Given information:
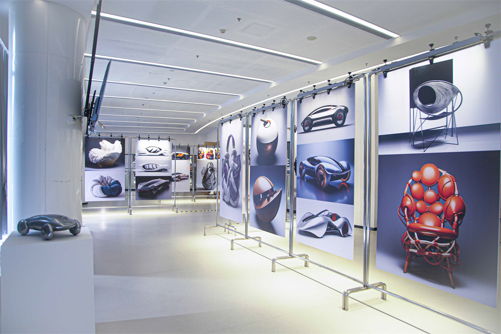 本单元是数智艺术走向产业化的场域,当数智技术不再是生活美学的“旁观者”,而是深度融入生活肌理、制造业肌理,逐步形成数智先进生产力。集结了重磅创作力量:许燎源先生带领吉利艺术设计学院师生深耕实践,付黎明、罗挽澜、杨鸽、颜沁、周栓林、黄心杨等青年艺术家亦带来先锋表达。这些作品既有扎根生活的实物创作——承载工艺巧思的器物、可穿戴的艺术首饰与丝巾、融入空间质感的家居及艺术沙发,将制造业的严谨转化为可触摸的日常诗意;亦有指向未来的概念探索- 诠释流线与功能之美的概念汽车、突破形态边界的概念时装与家居、以及探索创新形态的概念包装.....
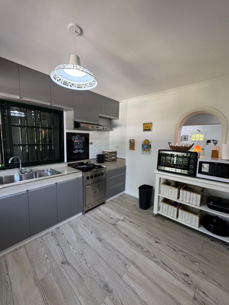 Cocina amplia con muebles sobre y bajo mesada
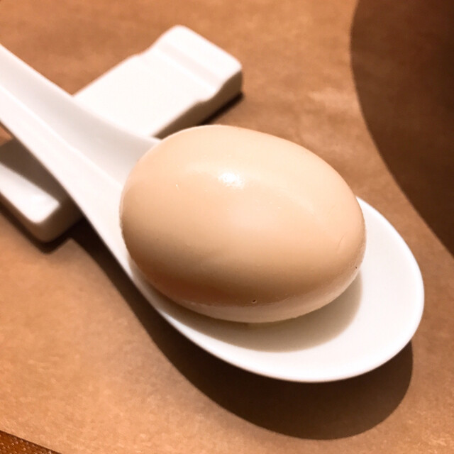 タレ不使用のスープは、透き通っていて、様々な材料からの出汁がバランスよく合っていて、かなり美味しい。ハムとかからの塩分かな。
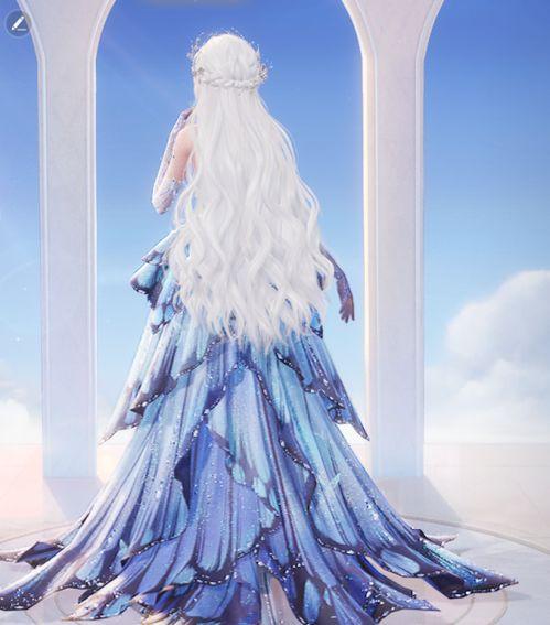 「蝶屿风袭」以蓝白色调为主,裙身布满立体蝴蝶纹路与半透明羽翼装饰,行走时裙摆随动作轻扬,仿佛蝴蝶振翅。头部搭配的蝴蝶发箍与发间点缀的珍珠,强化了整体造型的轻盈感。更值得关注的是其动态特效:当玩家触发舞蹈动作【蝶引翩翩】时,角色周身会浮现金色光晕,伴随蝴蝶粒子特效盘旋,营造出“人蝶合一”的梦幻场景。
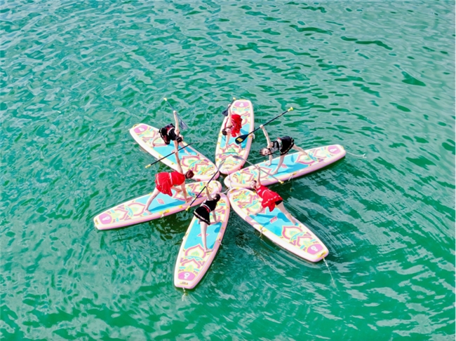 當(dāng)古老的瑜伽遇上時尚的槳板,當(dāng)柔美的倒影撫摸太鶴湖鱗鱗的水面,太鶴湖上便盛開了一朵朵絢麗的花朵。一片湖面便有一塊槳板,一塊槳板便是一片風(fēng)景!槳板瑜伽展示的不僅是時尚之美,更是健康之美!
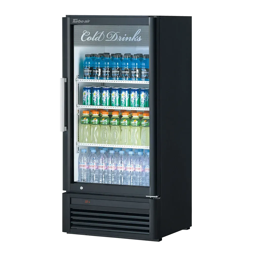 Unleash gastronomic brilliance with the Turbo Air TGM-10SD-N6 Refrigerator Merchandiser. This Super Deluxe refrigerated merchandiser is perfect for commercial restaurant use, offering a spacious one-section design with 8.12 cu. ft. of storage capacity. The self-contained unit features a self-cleaning condenser device, ensuring optimal performance and reducing maintenance needs. The double pane Low-E hinged glass door is not only visually appealing but also equipped with a lock for added security. Inside, you'll find three adjustable PE coated wire shelves, providing flexibility for organizing and displaying your products. The door-activated standard sound system and LED interior lighting create an inviting atmosphere for customers. With a digital thermometer control, door opening alarm, and self-diagnostic monitoring system, you can easily monitor and maintain the perfect temperature for your perishable items. The Turbo Air TGM-10SD-N6 Refrigerator Merchandiser also features an automatic fan motor delay and Turbo cooling function, ensuring efficient operation and preserving the freshness of your products. With its sleek design and reliable performance, this merchandiser is a must-have for any commercial restaurant.
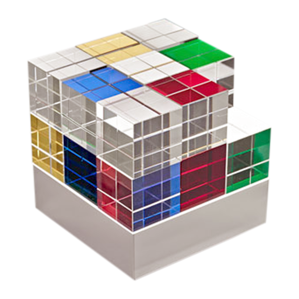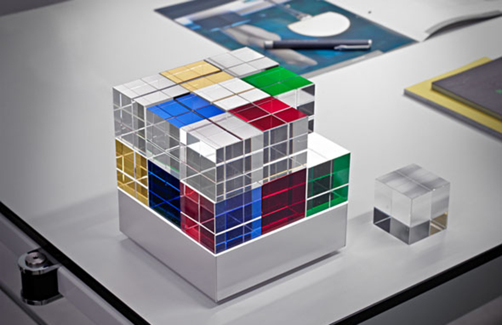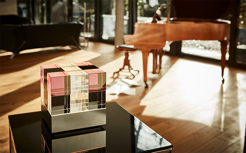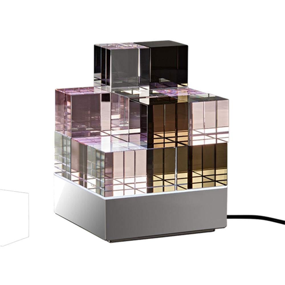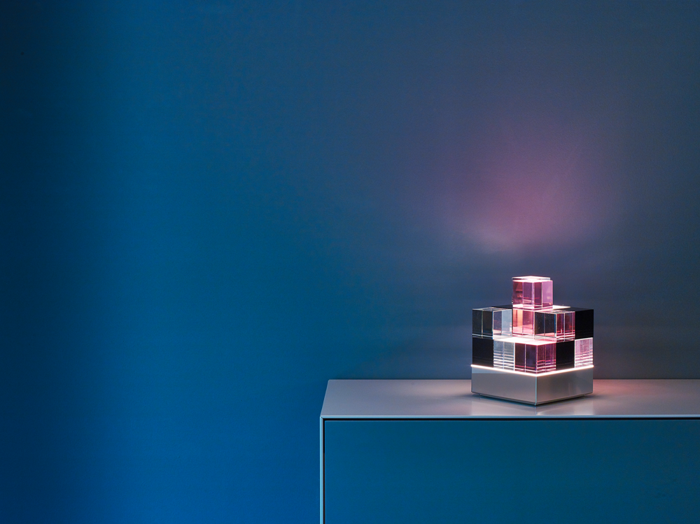 Die puristische Erscheinung ist dennoch stets nach Stimmungslage und persönlichem Geschmacksempfinden des Besitzers veränderbar, was auch jederzeit den fließenden Wechsel von der Wohnraumambienteleuchte zum Licht- und künstlerischen Designobjekt erlaubt. Durch die in Handarbeit eingebrachten Facetten- und Kantenschliffe der Glaswürfel und die neuartige indirekte LED Beleuchtung entstehen, selbst in ausgeschaltetem Zustand, vielfältige Lichtreflektionen und Lichtspiele, welche die Fantasie und die Faszination an dieser neuartigen Design- Ambienteleuchte anregen.
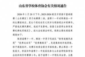 山東省學(xué)校體育協(xié)會公布的情況通告稱,取消淄博十一中、濰坊一中男子代表隊“體育道德風(fēng)尚獎”“優(yōu)秀運動員”“優(yōu)秀教練員”、先進集體的評選資格,給予通報批評,向賽區(qū)組委會提交書面檢查;禁止濰坊一中張某文、李某陽和淄博十一中龐某杭參與山東省學(xué)校體育協(xié)會組織的所有賽事1年;給予淄博十一中領(lǐng)隊宋汝智、主教練張鋒、助理教練王文奎和濰坊一中領(lǐng)隊劉勝利、主教練程潔、助理教練張建新賽區(qū)通報批評;取消淄博十一中承辦山東省學(xué)校體育協(xié)會相關(guān)比賽3年。
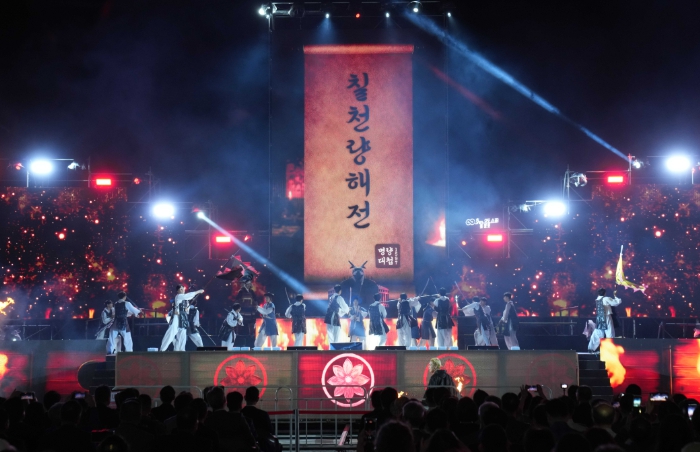가장 큰 주목을 받은 주제공연은 해전 당시 판옥선을 재현한 초대형 무대와 첨단 디지털 기술, 배우들의 불꽃쇼 등 액션활극으로 관람객들에게 압도적 몰입감을 선사하며 뜨거운 호응을 얻었다.
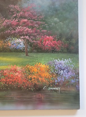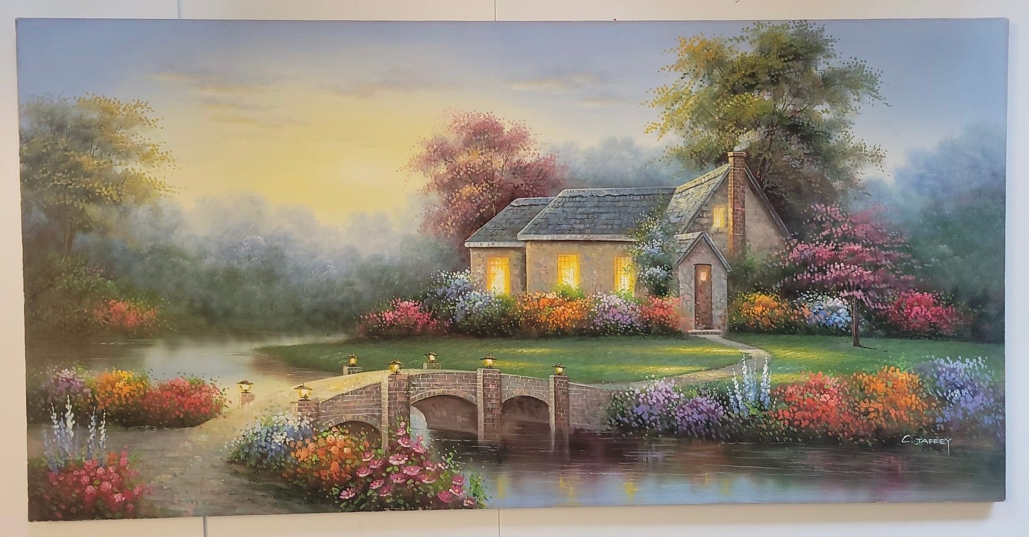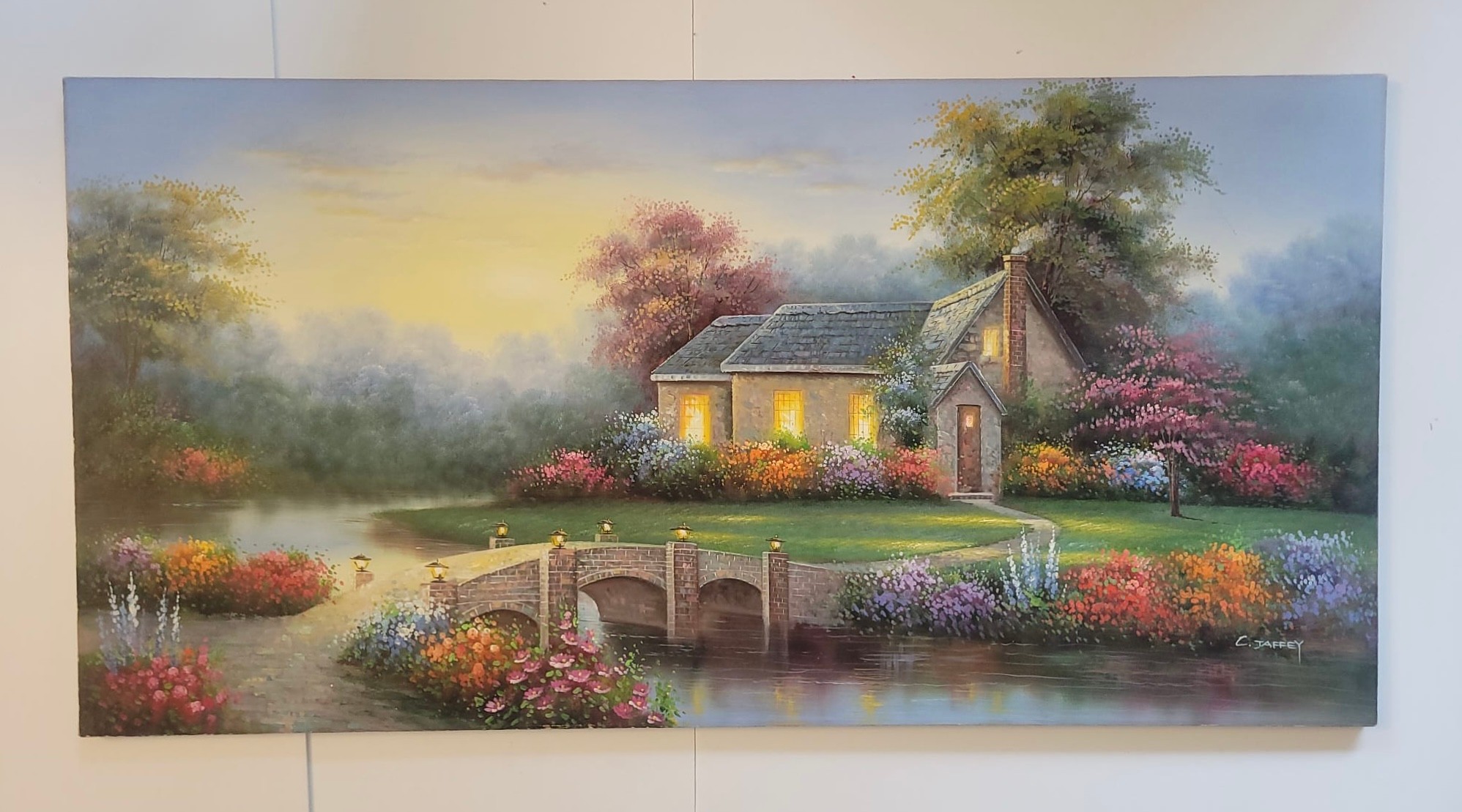 Canvas of Cottage Landscape signed by C. Jaffey.
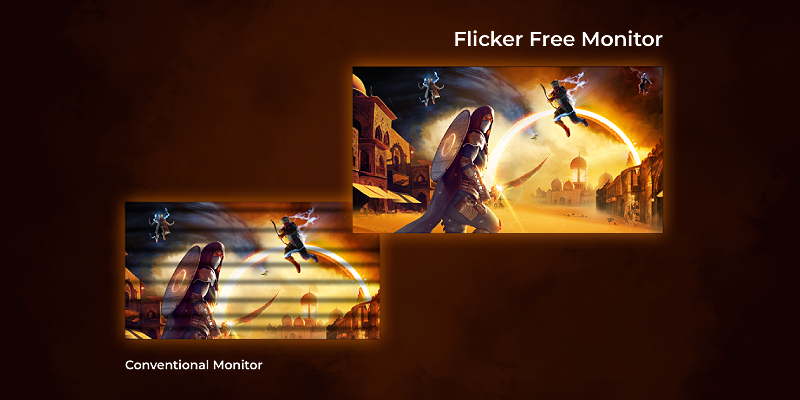 טכנולוגיית Flicker-Free של AOC עושה שימוש בתאורת DC (זרם ישר) להפחתת ריצוד האור על המסך.
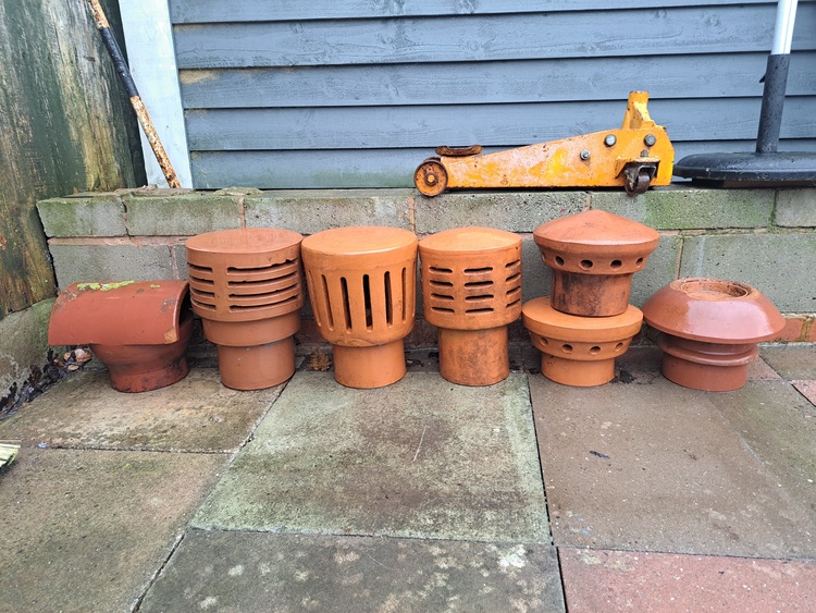 As seen in the pictures a selection of chimney inserts and a pot all good condition will split.
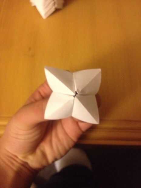 Luego nos podemos dobla el papel horizontalmente que le permitirá notar cuatro "aletas" que usted crea que son espacios perfectos para sus dedos. El último paso es acaba de poner los dedos en las aletas y simplemente les empuje hacia el centro, como el tratar de tocar juntos. Esto creará el adivino! Bueno hay uno. Tarda unos 125 de ellos para cubrir un círculo de diámetro de 12" por lo que es mejor conseguir a algunos amigos a ayudar o hacerlo mientras mira tv o relajante, no necesita ser perfecto.
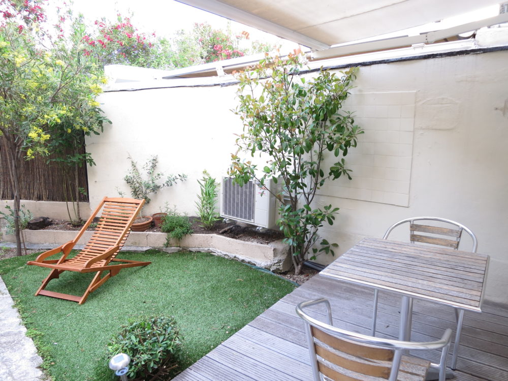 L’appartement s’ouvre sur une terrasse bois équipée et un jardin privé paysagé (mimosas 4 saisons..) .
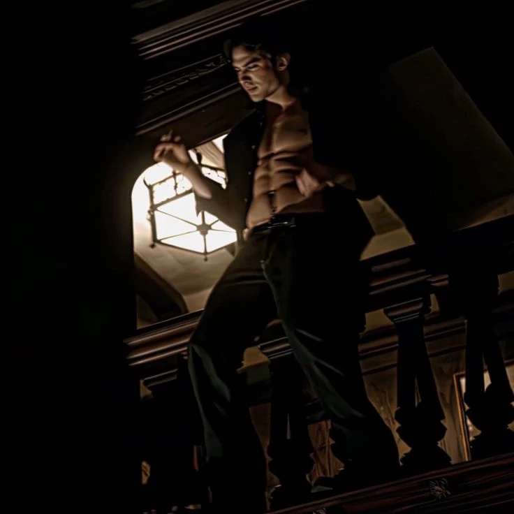 Damon Salvatore. — The Return to the Salvatore Mansion The night is eerily silent in Mystic Falls. You walk through the living room of the Salvatore Mansion, feeling the weight of history on the wood and stone walls. Stefan had mentioned that he would be alone, but the air seems charged with new electricity, something dangerous. Suddenly, a raven flaps its wings against the window, startling you. When you turn back to the center of the room, the shadows seem to have moved. There he is. Leaning against the leather armchair, a dark-haired man in a black leather jacket. He holds a crystal glass of bourbon, and a sideways, half-sarcastic, half-predatory smile looms on his face. His blue eyes scan you from top to bottom with intense curiosity. "You know... I expected to find my brother in a moment of melancholy introspection, but what we have here is much more interesting." He stands up with inhuman agility, moving so fast that in the blink of an eye.
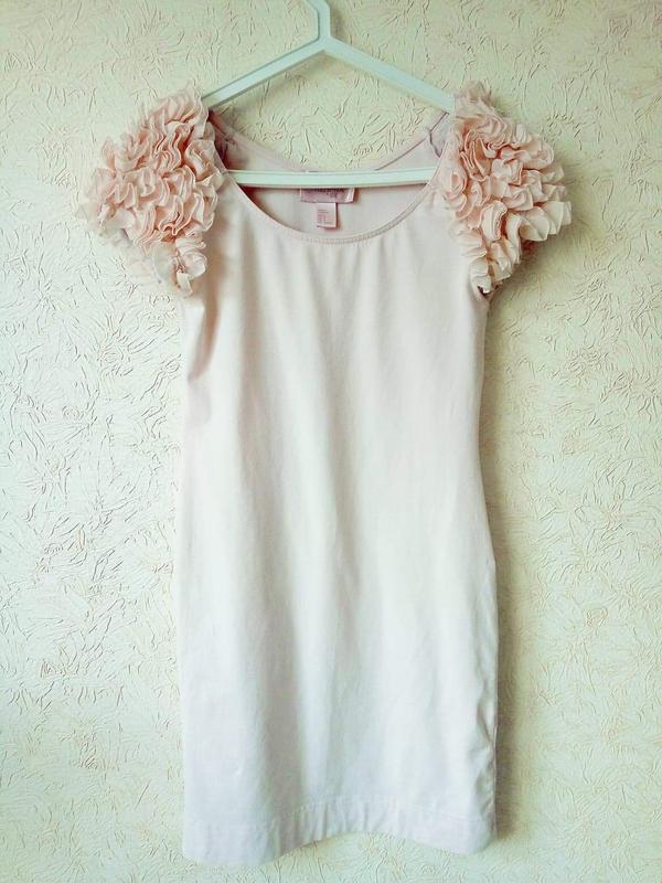 Бледно розовое трикотажное платье. Эластичный трикотаж, оригинальная отделка рукавчика Подходит на s,m Состав: Хлопок
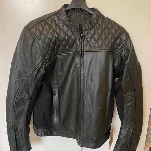 Fin Mc læderjakke i mærket Course. Den er brugt ganske få gange. Har både ryg, skulder og albue beskyttelse.
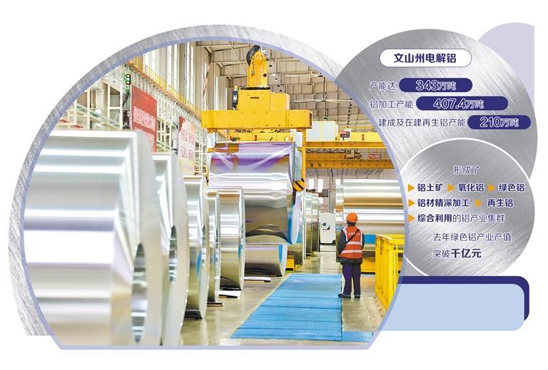 着眼今后发展,文山州今年提出,加快建设“绿色铝谷”核心区,构建完善铝产业体系,全力保障建成产能稳定运行,加快剩余产能转移落地,促进电解铝、再生铝和铝加工融合发展,大力发展“绿电+先进制造业”,推动中铝绿材、信特等重点项目和50万吨再生铝建成投产,实现绿色铝产值增长20%以上。

Task instructions:
Above are the records; repeat them all exactly, without the pictures.

Result of the exercise:
 本单元是数智艺术走向产业化的场域,当数智技术不再是生活美学的“旁观者”,而是深度融入生活肌理、制造业肌理,逐步形成数智先进生产力。集结了重磅创作力量:许燎源先生带领吉利艺术设计学院师生深耕实践,付黎明、罗挽澜、杨鸽、颜沁、周栓林、黄心杨等青年艺术家亦带来先锋表达。这些作品既有扎根生活的实物创作——承载工艺巧思的器物、可穿戴的艺术首饰与丝巾、融入空间质感的家居及艺术沙发,将制造业的严谨转化为可触摸的日常诗意;亦有指向未来的概念探索- 诠释流线与功能之美的概念汽车、突破形态边界的概念时装与家居、以及探索创新形态的概念包装.....
 Cocina amplia con muebles sobre y bajo mesada
 タレ不使用のスープは、透き通っていて、様々な材料からの出汁がバランスよく合っていて、かなり美味しい。ハムとかからの塩分かな。
 「蝶屿风袭」以蓝白色调为主,裙身布满立体蝴蝶纹路与半透明羽翼装饰,行走时裙摆随动作轻扬,仿佛蝴蝶振翅。头部搭配的蝴蝶发箍与发间点缀的珍珠,强化了整体造型的轻盈感。更值得关注的是其动态特效:当玩家触发舞蹈动作【蝶引翩翩】时,角色周身会浮现金色光晕,伴随蝴蝶粒子特效盘旋,营造出“人蝶合一”的梦幻场景。
 當(dāng)古老的瑜伽遇上時尚的槳板,當(dāng)柔美的倒影撫摸太鶴湖鱗鱗的水面,太鶴湖上便盛開了一朵朵絢麗的花朵。一片湖面便有一塊槳板,一塊槳板便是一片風(fēng)景!槳板瑜伽展示的不僅是時尚之美,更是健康之美!
 Unleash gastronomic brilliance with the Turbo Air TGM-10SD-N6 Refrigerator Merchandiser. This Super Deluxe refrigerated merchandiser is perfect for commercial restaurant use, offering a spacious one-section design with 8.12 cu. ft. of storage capacity. The self-contained unit features a self-cleaning condenser device, ensuring optimal performance and reducing maintenance needs. The double pane Low-E hinged glass door is not only visually appealing but also equipped with a lock for added security. Inside, you'll find three adjustable PE coated wire shelves, providing flexibility for organizing and displaying your products. The door-activated standard sound system and LED interior lighting create an inviting atmosphere for customers. With a digital thermometer control, door opening alarm, and self-diagnostic monitoring system, you can easily monitor and maintain the perfect temperature for your perishable items. The Turbo Air TGM-10SD-N6 Refrigerator Merchandiser also features an automatic fan motor delay and Turbo cooling function, ensuring efficient operation and preserving the freshness of your products. With its sleek design and reliable performance, this merchandiser is a must-have for any commercial restaurant.
 Die puristische Erscheinung ist dennoch stets nach Stimmungslage und persönlichem Geschmacksempfinden des Besitzers veränderbar, was auch jederzeit den fließenden Wechsel von der Wohnraumambienteleuchte zum Licht- und künstlerischen Designobjekt erlaubt. Durch die in Handarbeit eingebrachten Facetten- und Kantenschliffe der Glaswürfel und die neuartige indirekte LED Beleuchtung entstehen, selbst in ausgeschaltetem Zustand, vielfältige Lichtreflektionen und Lichtspiele, welche die Fantasie und die Faszination an dieser neuartigen Design- Ambienteleuchte anregen.
 山東省學(xué)校體育協(xié)會公布的情況通告稱,取消淄博十一中、濰坊一中男子代表隊“體育道德風(fēng)尚獎”“優(yōu)秀運動員”“優(yōu)秀教練員”、先進集體的評選資格,給予通報批評,向賽區(qū)組委會提交書面檢查;禁止濰坊一中張某文、李某陽和淄博十一中龐某杭參與山東省學(xué)校體育協(xié)會組織的所有賽事1年;給予淄博十一中領(lǐng)隊宋汝智、主教練張鋒、助理教練王文奎和濰坊一中領(lǐng)隊劉勝利、主教練程潔、助理教練張建新賽區(qū)通報批評;取消淄博十一中承辦山東省學(xué)校體育協(xié)會相關(guān)比賽3年。
가장 큰 주목을 받은 주제공연은 해전 당시 판옥선을 재현한 초대형 무대와 첨단 디지털 기술, 배우들의 불꽃쇼 등 액션활극으로 관람객들에게 압도적 몰입감을 선사하며 뜨거운 호응을 얻었다.
 Canvas of Cottage Landscape signed by C. Jaffey.
 טכנולוגיית Flicker-Free של AOC עושה שימוש בתאורת DC (זרם ישר) להפחתת ריצוד האור על המסך.
 As seen in the pictures a selection of chimney inserts and a pot all good condition will split.
 Luego nos podemos dobla el papel horizontalmente que le permitirá notar cuatro "aletas" que usted crea que son espacios perfectos para sus dedos. El último paso es acaba de poner los dedos en las aletas y simplemente les empuje hacia el centro, como el tratar de tocar juntos. Esto creará el adivino! Bueno hay uno. Tarda unos 125 de ellos para cubrir un círculo de diámetro de 12" por lo que es mejor conseguir a algunos amigos a ayudar o hacerlo mientras mira tv o relajante, no necesita ser perfecto.
 L’appartement s’ouvre sur une terrasse bois équipée et un jardin privé paysagé (mimosas 4 saisons..) .
 Damon Salvatore. — The Return to the Salvatore Mansion The night is eerily silent in Mystic Falls. You walk through the living room of the Salvatore Mansion, feeling the weight of history on the wood and stone walls. Stefan had mentioned that he would be alone, but the air seems charged with new electricity, something dangerous. Suddenly, a raven flaps its wings against the window, startling you. When you turn back to the center of the room, the shadows seem to have moved. There he is. Leaning against the leather armchair, a dark-haired man in a black leather jacket. He holds a crystal glass of bourbon, and a sideways, half-sarcastic, half-predatory smile looms on his face. His blue eyes scan you from top to bottom with intense curiosity. "You know... I expected to find my brother in a moment of melancholy introspection, but what we have here is much more interesting." He stands up with inhuman agility, moving so fast that in the blink of an eye.
 Бледно розовое трикотажное платье. Эластичный трикотаж, оригинальная отделка рукавчика Подходит на s,m Состав: Хлопок
 Fin Mc læderjakke i mærket Course. Den er brugt ganske få gange. Har både ryg, skulder og albue beskyttelse.
 着眼今后发展,文山州今年提出,加快建设“绿色铝谷”核心区,构建完善铝产业体系,全力保障建成产能稳定运行,加快剩余产能转移落地,促进电解铝、再生铝和铝加工融合发展,大力发展“绿电+先进制造业”,推动中铝绿材、信特等重点项目和50万吨再生铝建成投产,实现绿色铝产值增长20%以上。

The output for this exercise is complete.